REQUIRED ACTION: Each entry is to be repeated word for word, and the images are to be dropped.

WORKING DATA:
• • • •
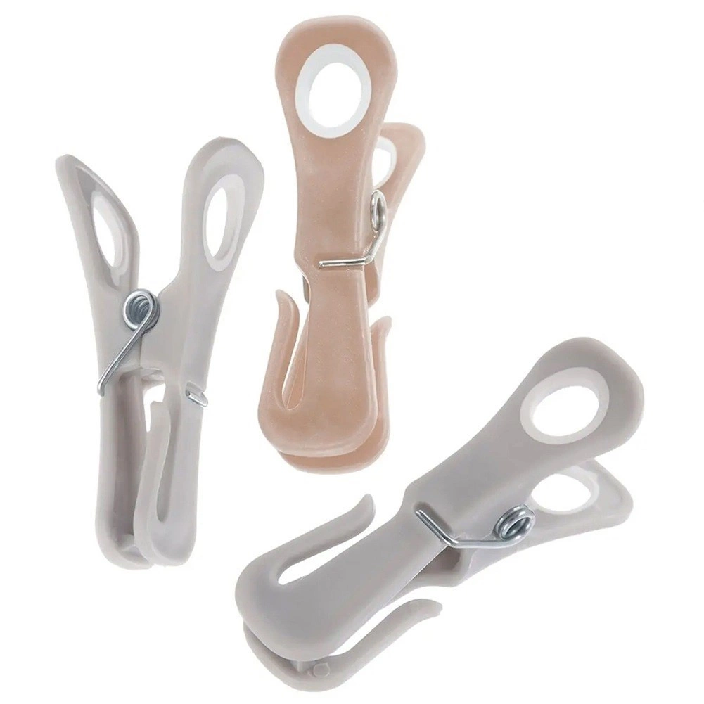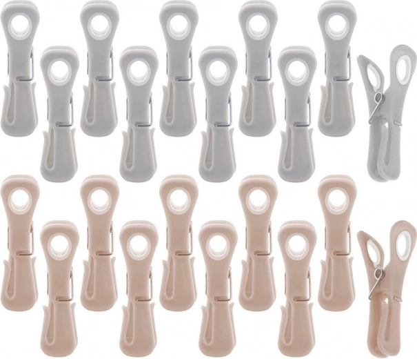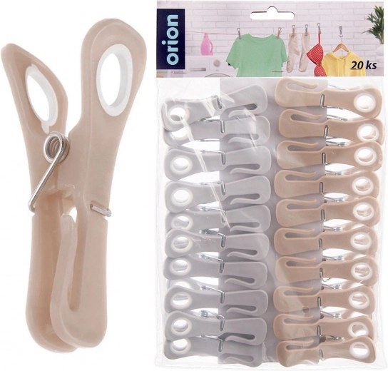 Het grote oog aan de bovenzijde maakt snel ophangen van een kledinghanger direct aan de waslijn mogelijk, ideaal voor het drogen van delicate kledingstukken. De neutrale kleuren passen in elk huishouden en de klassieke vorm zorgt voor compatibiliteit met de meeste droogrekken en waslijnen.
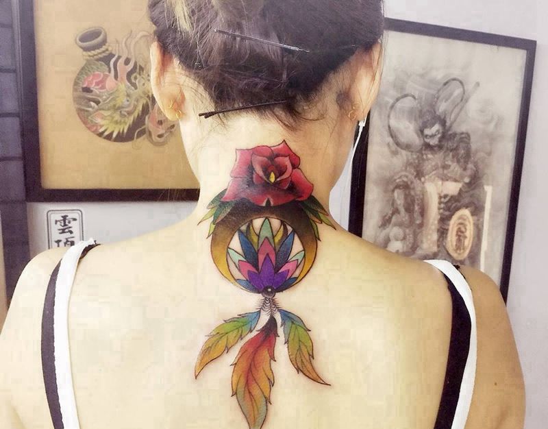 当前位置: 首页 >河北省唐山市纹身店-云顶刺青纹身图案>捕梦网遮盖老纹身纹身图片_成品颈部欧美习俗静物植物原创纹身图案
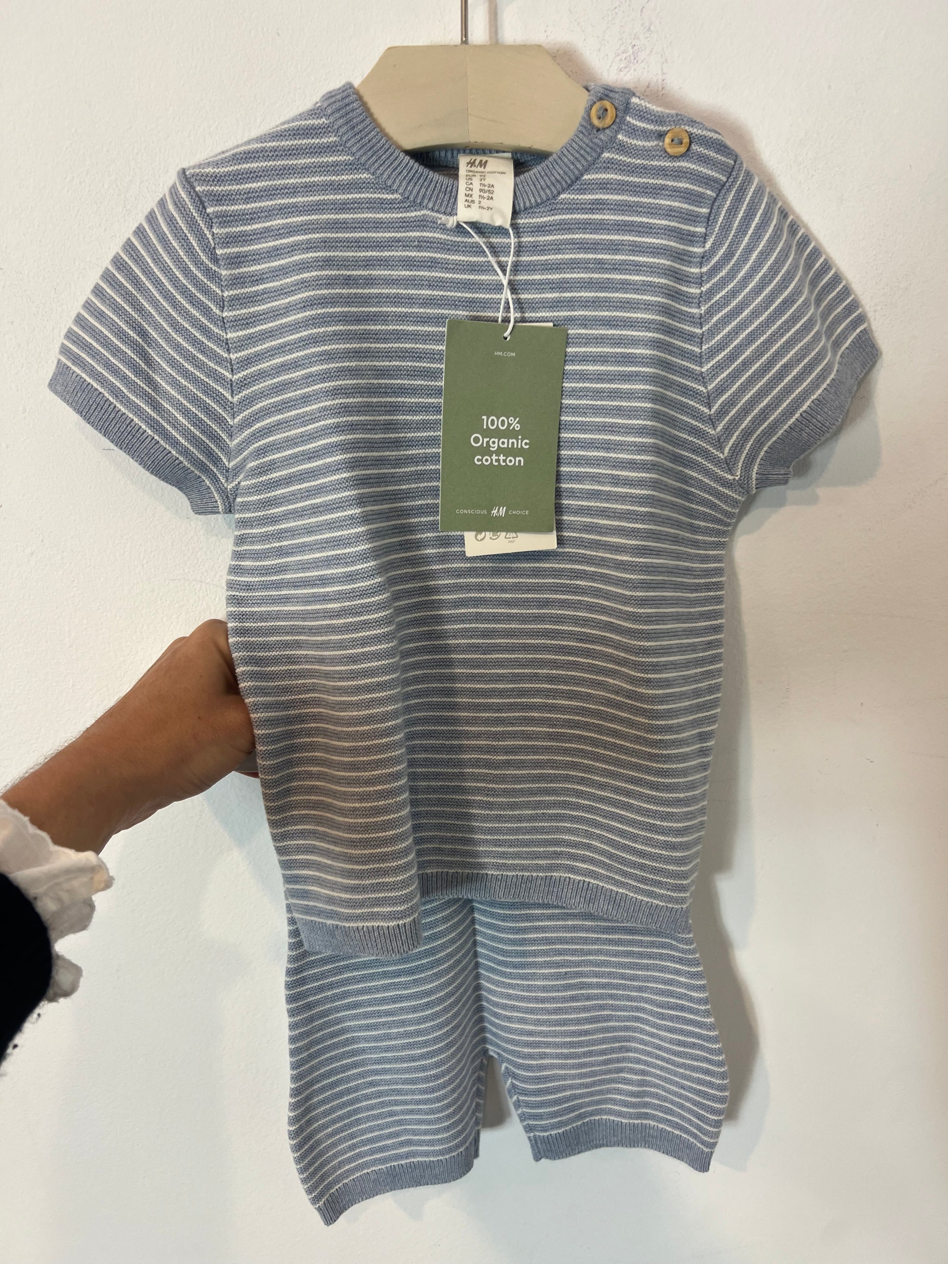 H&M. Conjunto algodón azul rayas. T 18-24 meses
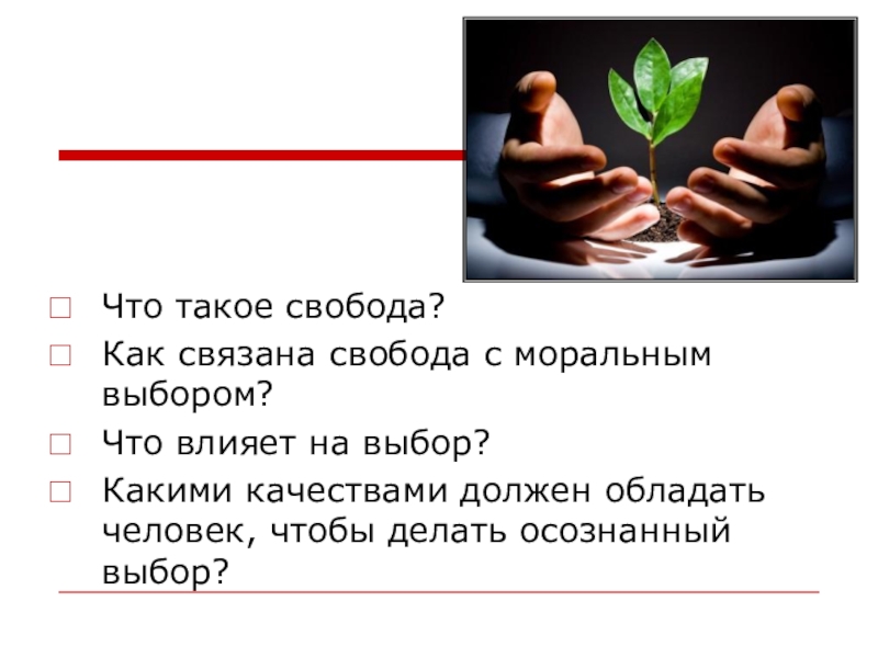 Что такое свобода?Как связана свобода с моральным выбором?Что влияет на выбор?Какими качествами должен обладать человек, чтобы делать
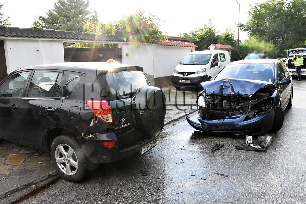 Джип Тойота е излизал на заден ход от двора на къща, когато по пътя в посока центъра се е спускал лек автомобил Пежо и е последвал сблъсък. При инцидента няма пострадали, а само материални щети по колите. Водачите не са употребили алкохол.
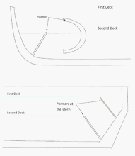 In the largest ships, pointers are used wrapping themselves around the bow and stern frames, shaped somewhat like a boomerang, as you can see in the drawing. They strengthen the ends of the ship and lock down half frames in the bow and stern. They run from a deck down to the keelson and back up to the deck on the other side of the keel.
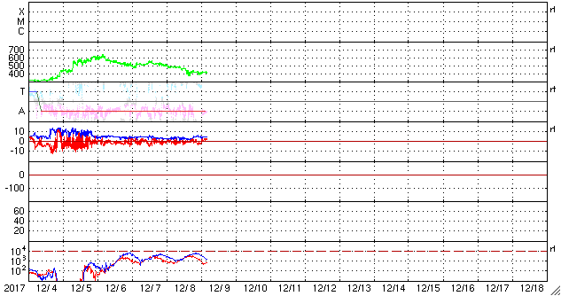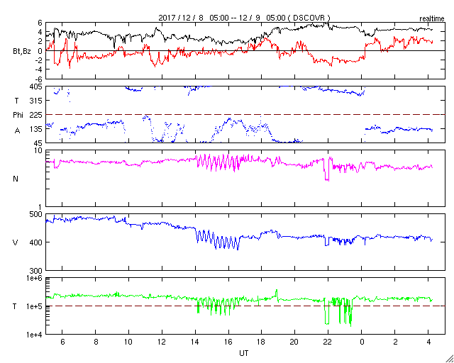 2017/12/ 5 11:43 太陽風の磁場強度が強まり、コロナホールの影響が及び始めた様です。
• • • •
COMPLETED EXERCISE:
 Het grote oog aan de bovenzijde maakt snel ophangen van een kledinghanger direct aan de waslijn mogelijk, ideaal voor het drogen van delicate kledingstukken. De neutrale kleuren passen in elk huishouden en de klassieke vorm zorgt voor compatibiliteit met de meeste droogrekken en waslijnen.
 当前位置: 首页 >河北省唐山市纹身店-云顶刺青纹身图案>捕梦网遮盖老纹身纹身图片_成品颈部欧美习俗静物植物原创纹身图案
 H&M. Conjunto algodón azul rayas. T 18-24 meses
 Что такое свобода?Как связана свобода с моральным выбором?Что влияет на выбор?Какими качествами должен обладать человек, чтобы делать
 Джип Тойота е излизал на заден ход от двора на къща, когато по пътя в посока центъра се е спускал лек автомобил Пежо и е последвал сблъсък. При инцидента няма пострадали, а само материални щети по колите. Водачите не са употребили алкохол.
 In the largest ships, pointers are used wrapping themselves around the bow and stern frames, shaped somewhat like a boomerang, as you can see in the drawing. They strengthen the ends of the ship and lock down half frames in the bow and stern. They run from a deck down to the keelson and back up to the deck on the other side of the keel.
 2017/12/ 5 11:43 太陽風の磁場強度が強まり、コロナホールの影響が及び始めた様です。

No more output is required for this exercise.